錢常信出了柴房,把手裡的鞭子一扔,接過小太監遞來的帕子擦著手,「把人好生藏了,好歹伺候過王爺一場。這人不能自己找死,背信棄主者,哪能有什麼好下場。」說完,頭也不回的走開了。
通房白芷死了,府裡的人卻沒有多少人去關心,因為大家都知道,白芷是暴斃,這暴斃的人往往最不能好奇。
曲輕裾聽到這個訊息時,正在剪一盆新送來的盆景,她聽完黃楊的話,放下剪子道:「人既然沒了,以往的事情便不要再提,讓人給她家裡送些東西,也算是王爺對她的恩典。」既然賀珩說白芷是病逝,那麼她就要做出這份面子情。
如銀柳這般快言快語的,這會兒也說不出什麼話,待黃楊出去後,她只是有些不安的開口:「人就這麼沒了。」
「這做下人的,可容不得三心二意,」木槿收好曲輕裾放到桌上的剪刀,免得曲輕裾等會不小心傷到了手,「她如今能這樣,也算是王爺心慈了。」這種事,別說是一條命,就是牽連族人也是可能的。
銀柳聽了這話倒沒有辯駁,對於她來說,每日要做的就是伺候好王妃,別的事用不著她來想,她也想不了那麼多。
曲輕裾單手託著下巴,百無聊奈的看著窗外,這種沒有電腦沒有手機的日子,還真有些無聊,她打了一個哈欠,懶洋洋道:「木槿,替我找些話本傳記來。」
木槿躬身退下了,不過沒過一會兒,話本沒有等到,曲輕裾先等到一張描花灑金請柬。
「晉安長公主?」曲輕裾翻看著手裡的請柬,年節上倒是有幾個公主郡主坐在另一桌,但是這個晉安公主她卻沒有見過。如果她記憶沒有出錯的話,晉安公主乃慶德帝長女,生母雖早逝,但是卻記在皇后面下,又被皇帝封為長公主,在女眷中地位不低。只是她自從下嫁給北祿伯後便住在荊州,甚少回京。
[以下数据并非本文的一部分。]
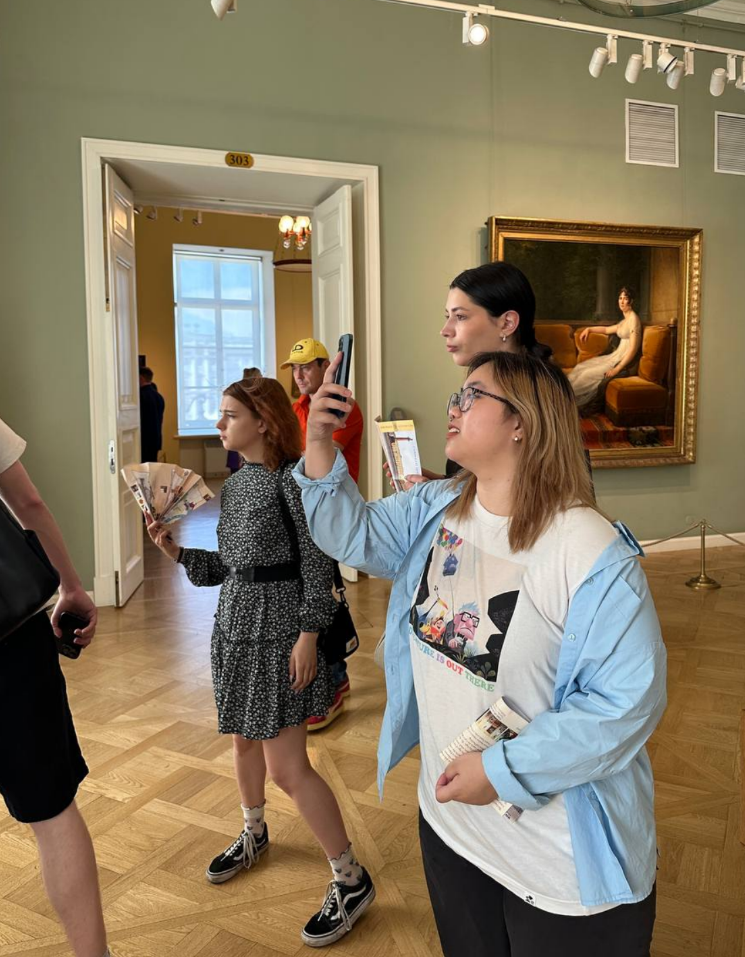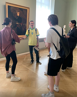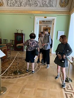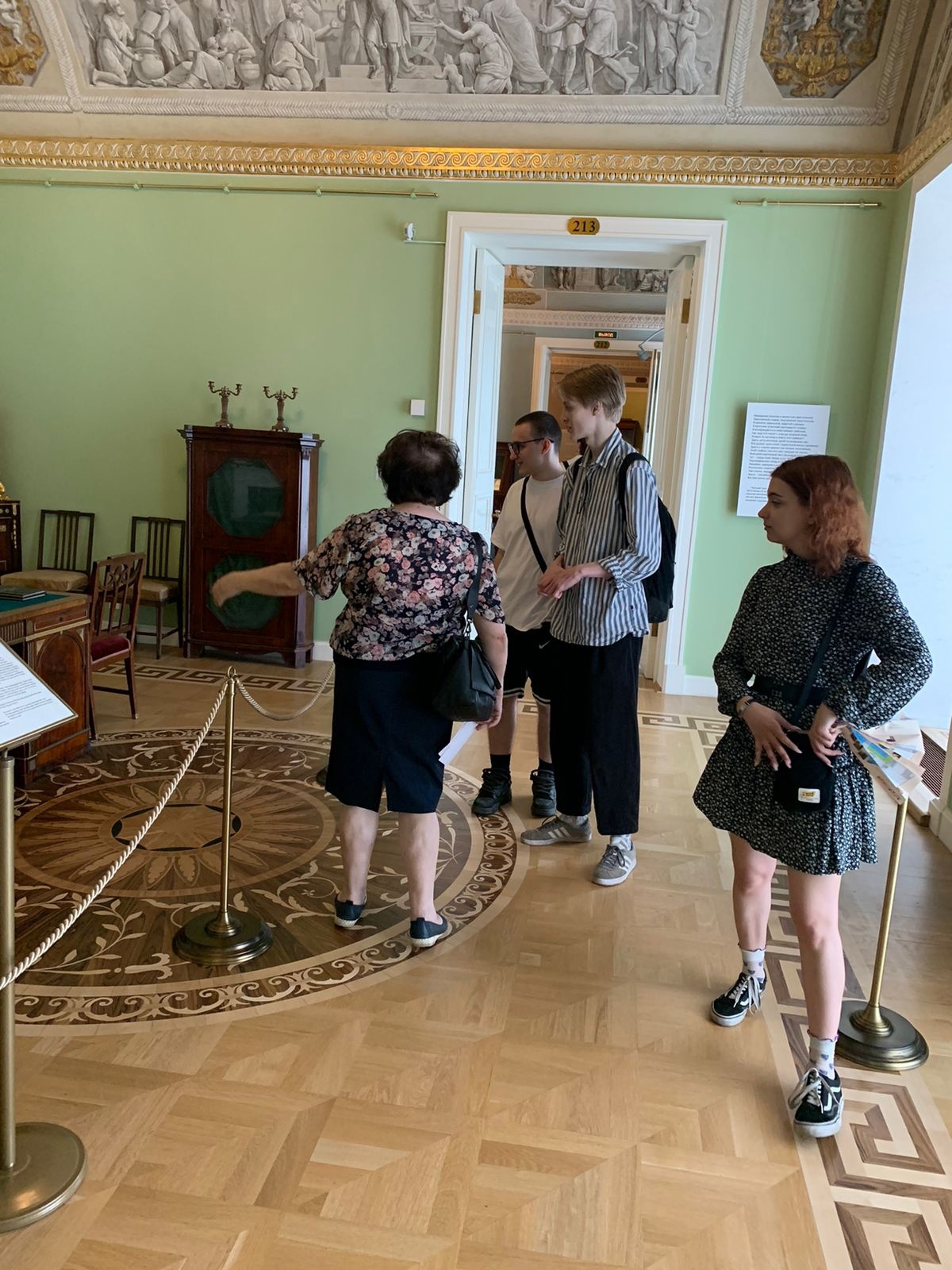 5 июня 2024 года доценты кафедры иностранных языков Л.А. Авакян и С.Л. Голубева организовали обзорную экскурсию для студентов группы II курса ФМТ (14 студентов, гр. 1221а, 1221б, 1231б, 1231в, 1236) в новый экспозиционный комплекс Государственного Эрмитажа Главный Штаб. Целью экскурсии являлось ознакомление студентов с величайшими достижениями русской и мировой культуры. Студенты посетили Галерею памяти Сергея Щукина и братьев Морозовых, в которой представлены произведения импрессионистов, постимпрессионистов, французские пастели, живопись и скульптура XX века. Студенты также посетили экспозиции: «Музей Российской Гвардии», «Залы памяти Карла Фаберже», «Под знаком орла. Искусство ампира» и постоянную экспозицию, рассказывающую о Министерстве иностранных дел Российской империи.

傳聞北祿伯與晉安長公主十分恩愛,已經育有一子一女,讓朝中不少女眷豔羨,甚至是不少人眼中的模範夫妻。只是她怎麼就回京了,還在不年不節時設這種所謂的賞畫宴?
她看著帖子上漂亮的簪花小楷,送到王府的帖子應該是晉安長公主親手所寫,所謂字如其人,這位晉安長公主應該是個十分有才情的女人。
親手卸了一封回帖,曲輕裾待墨幹後才合上回帖,遞給旁邊侍墨的金盞道:「讓人給長公主府上送去。」
晚上,賀珩到了正院,兩人一起用完晚膳後,曲輕裾就提起了這事。
賀珩與自己這位姐姐雖然不親近,但是關於京中的一些事仍有聽聞:「兩日前長公主便已經回了京,你與她雖沒有見過,但是既然請柬已經送到了,你便去吧。」
曲輕裾把一杯消食茶遞給他,「我已經回了帖子,只是賞畫宴在三日後,後日便是上元節,我對長公主定的日子有些意外罷了。」見賀珩接茶杯時,趁機摸了摸自己的手,她含笑瞪了他一眼,「不知北祿伯可有一起回京?」
賀珩搖了搖頭,「倒是不曾聽聞,只是聽說長公主帶著二女回來了。」
曲輕裾覺得,這其中一定有什麼事情發生,長公主在上元節前回了京,只帶了孩子卻沒有帶駙馬,這會兒京中又無大事,何必走得這麼焦急?
難道說這位北祿伯做了什麼對不起長公主的事情?因為這世界上,往往被人稱為模範夫妻的總是會掉鏈子,這大概就是所謂的秀恩愛死得快。
若事實真是如此,那長公主這會兒回宮,就有些意思了。